>>

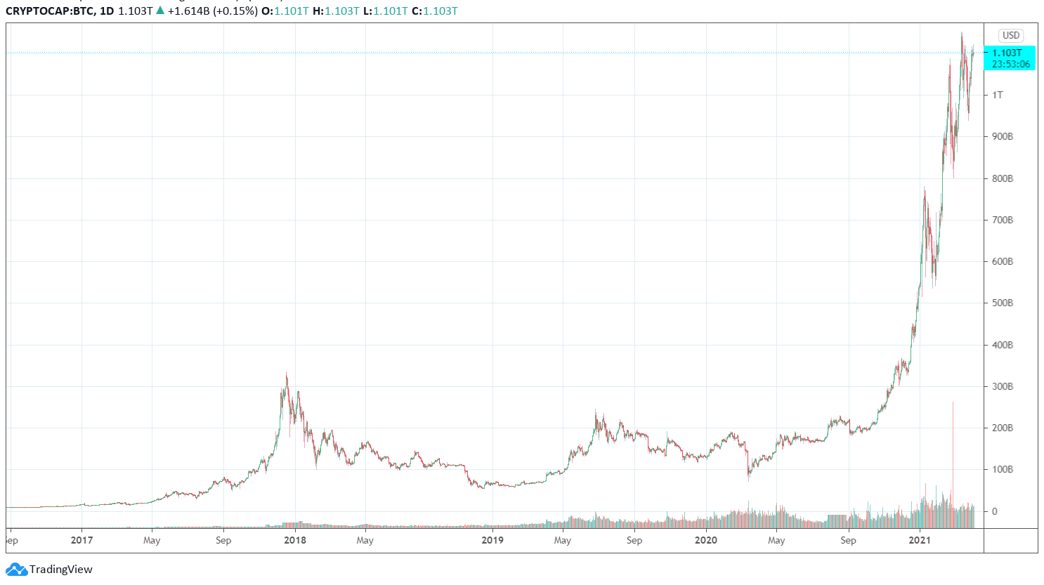 Actualmente Bitcoin cuenta con una capitalización de mercado superior a 1 billón de dólares gracias a la entrada de empresas financieras como Grayscale, Microstrategy, Square, MassMutual y Tesla, entre otras.
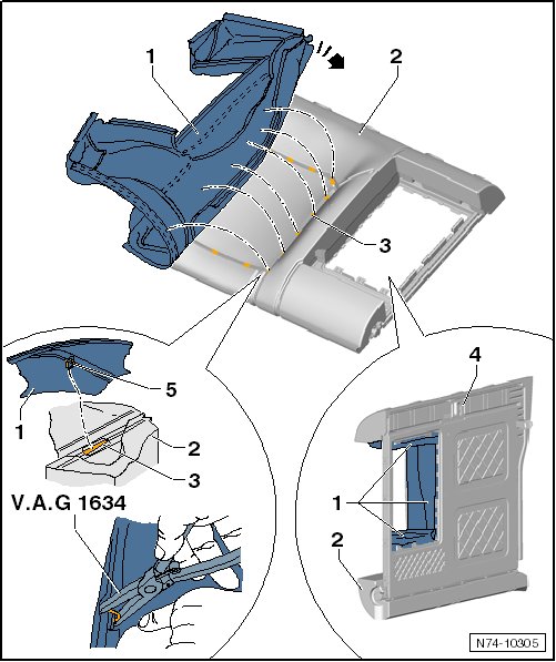 - Attach the cover - 1 - to the cushion - 2 - with new upholstery clips - 5 - at the shown locations - 3 - using the upholstery clip pliers (V.A.G 1634).
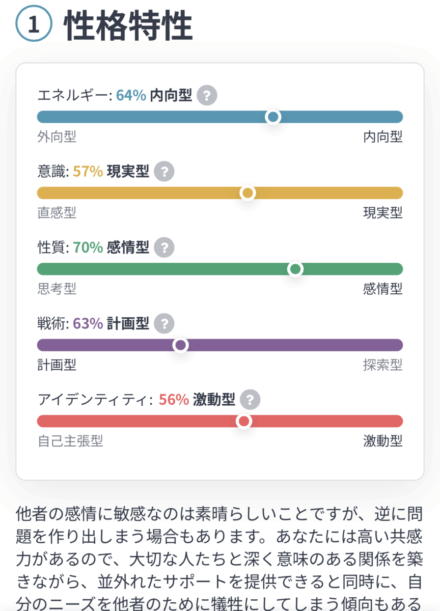 質問に答えていくだけなのに、自分の考え方や行動パターンが見透かされているようで、意外と面白い体験でした。

<<

**Work item:**
In your copy, restate the data above word for word but leave out any picture.

**Written reply:**
 Actualmente Bitcoin cuenta con una capitalización de mercado superior a 1 billón de dólares gracias a la entrada de empresas financieras como Grayscale, Microstrategy, Square, MassMutual y Tesla, entre otras.
 - Attach the cover - 1 - to the cushion - 2 - with new upholstery clips - 5 - at the shown locations - 3 - using the upholstery clip pliers (V.A.G 1634).
 質問に答えていくだけなのに、自分の考え方や行動パターンが見透かされているようで、意外と面白い体験でした。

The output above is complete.